SOURCE INFORMATION =>
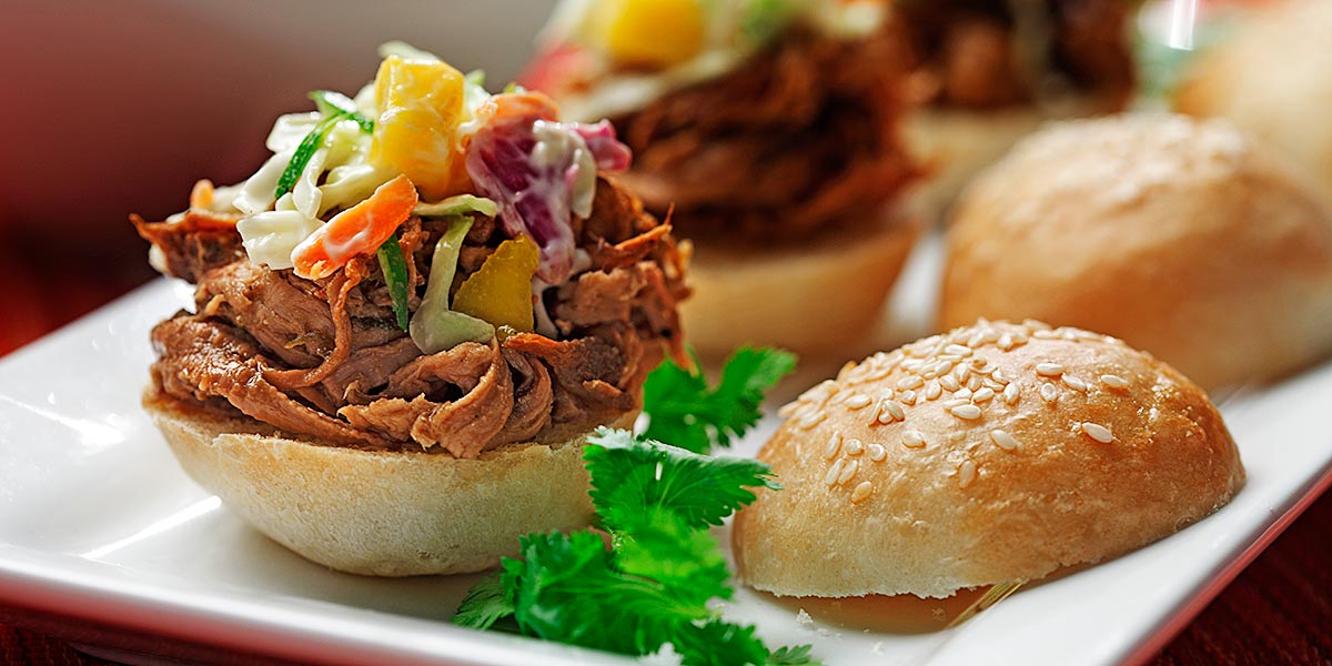 - Pile pork onto bottom half of bun. Top with Mango Slaw and other half of bun. Repeat with remaining buns.
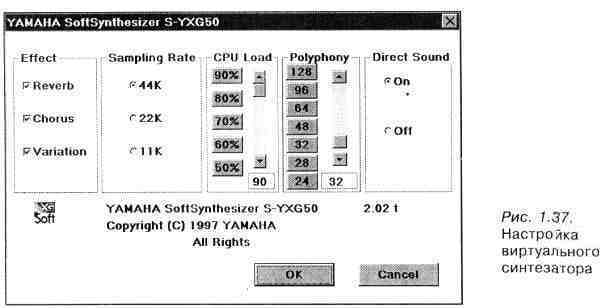синтезаторы звучат гораздо лучше! Что бы вы сказали, послушав звучание настоящего инструмента?” Возможно, мы не угадали... В качестве примера рассмотрим виртуальный синтезатор Yamaha S-YXG50. Не станем скрывать причины выбора именно этой программы. Во-первых, она просто нам симпатична. Кроме того, S-YXG50 использует технологии ММХ и Direct Sound, поддерживает стандарт GX. Приведем характеристики этой программы: > WT-синтезатор с банком инструментов объемом 2 Мбайт; > максимальная полифония 128 нот; )•* набор инструментов: 676 мелодических, 21 набор ударных инструментов и спецэффектов; > максимальная частота сэмплирования 44/22/11 кГц; ^ фильтр с динамически изменяемыми параметрами для каждой звучащей ноты; ')- эффекты: 8 типов реверберации, 8 типов хоруса, 36 типов вариаций. Технические требования, предъявляемые к PC: > процессор Pentium-166 или лучше (настойчиво рекомендуется процессор с технологией ММХ); > операционная система Windows 95; > ОЗУ объемом не менее 16 Мбайт; > 16-битная звуковая карта. Приведенные требования являются минимальными. Это означает, что на таком PC программа будет работать, но не обязательно на полную мощность, заявленную в ее характеристиках. Пользователю предоставляется возможность настройки виртуального синтезатора в соответствии с производительностью своего компьютера. После установки на PC программа идентифицируется системой как MIDI-yc-тройство. Вы можете использовать это виртуальное устройство в музыкальном редакторе точно так же, как использовали бы настоящий синтезатор. О присутствии программного синтезатора в системе свидетельствует появление в Панели управления Windows новой иконки. Щелчком по этой иконке вызывается окно настроек драйвера виртуального синтезатора, изображенное на рис. 1.37. Рассмотрим опции этого окна. В группе Effect можно включать или выключать типы эффектов, которые поддерживаются синтезатором. Конечно, хорошо, когда включены все эффекты, но для этого требуется мощный процессор. Отключив один или два (или все три) типа эффектов, можно существенно снизить требования программы к вычислительным ресурсам процессора.
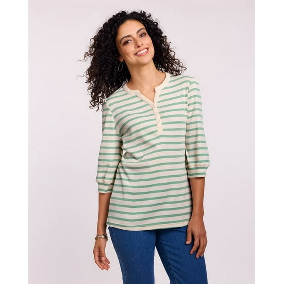 Our comfortable Ribbed Henley Top features a contrast colored collar, Y-shaped placket and button placket. It also has three-quarter length sleeves with a slightly puff sleeve with slight shirring at cap and shirring above 2" wide self-cuff, and a straight bottom hemline.
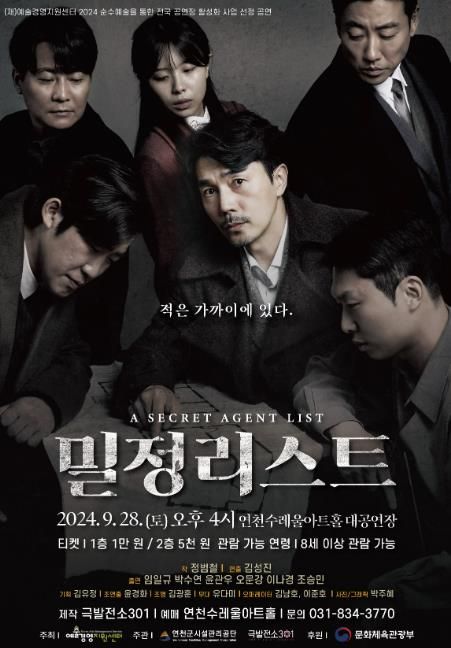 (중부시사신문) 연천수레울아트홀은 오는 9월 28일 오후 4시 창작 연극 ‘밀정 리스트’를 선보인다. 이번 연극은 2019년 다큐멘터리 KBS 탐사보도부에 방영된 내용을 바탕으로 여전히 많은 밀정들이 독립운동가로 둔갑해 현충원에 안치되어 있다는 역사적 사실을 반영하여 극화한 작품이다.
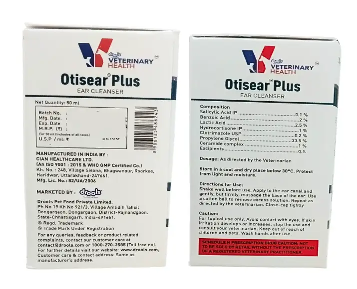 Drools Otisear Plus Ear Cleanser helps maintain ear hygiene and supports infection prevention but is not a substitute for prescribed ear medications.

TO DO => Drop the pictures; repeat the listing above exactly.

OUTPUT FOR THIS EXERCISE =>
 - Pile pork onto bottom half of bun. Top with Mango Slaw and other half of bun. Repeat with remaining buns.
синтезаторы звучат гораздо лучше! Что бы вы сказали, послушав звучание настоящего инструмента?” Возможно, мы не угадали... В качестве примера рассмотрим виртуальный синтезатор Yamaha S-YXG50. Не станем скрывать причины выбора именно этой программы. Во-первых, она просто нам симпатична. Кроме того, S-YXG50 использует технологии ММХ и Direct Sound, поддерживает стандарт GX. Приведем характеристики этой программы: > WT-синтезатор с банком инструментов объемом 2 Мбайт; > максимальная полифония 128 нот; )•* набор инструментов: 676 мелодических, 21 набор ударных инструментов и спецэффектов; > максимальная частота сэмплирования 44/22/11 кГц; ^ фильтр с динамически изменяемыми параметрами для каждой звучащей ноты; ')- эффекты: 8 типов реверберации, 8 типов хоруса, 36 типов вариаций. Технические требования, предъявляемые к PC: > процессор Pentium-166 или лучше (настойчиво рекомендуется процессор с технологией ММХ); > операционная система Windows 95; > ОЗУ объемом не менее 16 Мбайт; > 16-битная звуковая карта. Приведенные требования являются минимальными. Это означает, что на таком PC программа будет работать, но не обязательно на полную мощность, заявленную в ее характеристиках. Пользователю предоставляется возможность настройки виртуального синтезатора в соответствии с производительностью своего компьютера. После установки на PC программа идентифицируется системой как MIDI-yc-тройство. Вы можете использовать это виртуальное устройство в музыкальном редакторе точно так же, как использовали бы настоящий синтезатор. О присутствии программного синтезатора в системе свидетельствует появление в Панели управления Windows новой иконки. Щелчком по этой иконке вызывается окно настроек драйвера виртуального синтезатора, изображенное на рис. 1.37. Рассмотрим опции этого окна. В группе Effect можно включать или выключать типы эффектов, которые поддерживаются синтезатором. Конечно, хорошо, когда включены все эффекты, но для этого требуется мощный процессор. Отключив один или два (или все три) типа эффектов, можно существенно снизить требования программы к вычислительным ресурсам процессора.
 Our comfortable Ribbed Henley Top features a contrast colored collar, Y-shaped placket and button placket. It also has three-quarter length sleeves with a slightly puff sleeve with slight shirring at cap and shirring above 2" wide self-cuff, and a straight bottom hemline.
 (중부시사신문) 연천수레울아트홀은 오는 9월 28일 오후 4시 창작 연극 ‘밀정 리스트’를 선보인다. 이번 연극은 2019년 다큐멘터리 KBS 탐사보도부에 방영된 내용을 바탕으로 여전히 많은 밀정들이 독립운동가로 둔갑해 현충원에 안치되어 있다는 역사적 사실을 반영하여 극화한 작품이다.
 Drools Otisear Plus Ear Cleanser helps maintain ear hygiene and supports infection prevention but is not a substitute for prescribed ear medications.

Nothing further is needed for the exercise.